Daily Management Review

Worst Week since 2013 for Apple’s Stocks


04/30/2016




Worst Week since 2013 for Apple’s Stocks
After influential shareholder Carl Icahn revealed that he had sold his entire stake in the company and as following extensive worries festered about a slowdown in iPhone sales, Apple Inc on Friday ended its worst week on the stock market since 2013.
 
There was a drop of 11 percent in the price of the shares of the company in the past five sessions.

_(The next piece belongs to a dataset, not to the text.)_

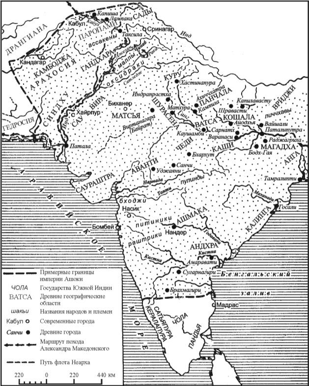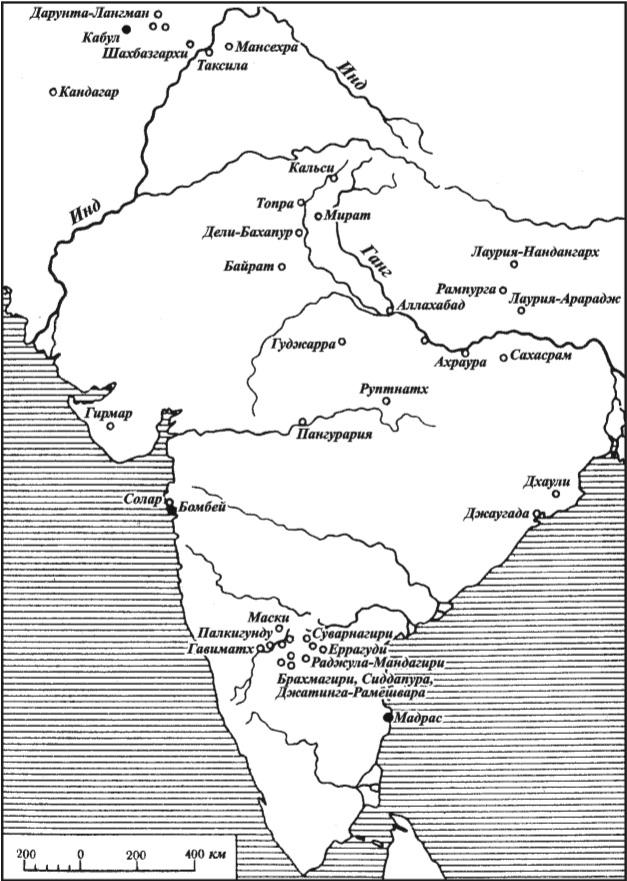 Места находок надписей Ашоки.

Shares of Apple Inc. is a mainstay of many Wall Street portfolios and the largest component of the Standard & Poor's 500 index.
 
In value of what is about equivalent to Cambodia's net wealth, the drop in the prices of the shares of the technology behemoth resulted in a reduction of its market capitalization by $65 billion.
 
Even though Apple investors pointed to the stock's relatively low valuation as a key reason to hold onto the stock, confidence in the Cupertino, California company has been shaken since posting its first-ever quarterly decline in iPhone sales and first revenue drop in 13 years on Tuesday.
 
"If you're going to buy Apple, you have to buy it for the long term, because the next year or two are going to be very tough," said Michael Yoshikami, chief executive of Destination Wealth Management, which owns Apple shares.
 
Apple has bet on China as a major new growth engine since the time it has been faced with lackluster sales of smartphones in the United States and even there the progress has been a let-down for the company.
  
Apple’s iBooks Stores and iTunes Movie service in China were shut down last week after the introduction of new regulations on online publishing which perhaps resulted in a slump in the revenues of the company from China by 26 percent during the March quarter.
 
Long-time Apple investor Carl Icahn told CNBC on Thursday that he had sold his stake in the company he previously described as a "no brainer" and undervalued, pointing to concerns that Beijing could make it difficult for Apple to conduct business in China.
 
In what is being considered to be cheap compared to its average of 17.5 over the past 10 years, the selloff has left Apple trading at about 11 times its expected 12-month earnings. S&P 500 stocks on average are trading at 17 times expected earnings.
 
"The tide is going out a bit, but it will probably improve in the fall with the launch of the next iPhone. This is an opportunity," said Pat Becker Jr, principal of Becker Capital Management, which also owns Apple stock.
 
While nine of the analysts tracked by Thomson Reuters recommended neutral ratings and none recommend selling, Wall Street remains positive as 36 analysts tracked by poll recommend buying Apple's shares.
 
The median of the analysts' price targets is $120, down from $130 at the end of March. The stock ended Friday at $93.75, down 1.14 percent.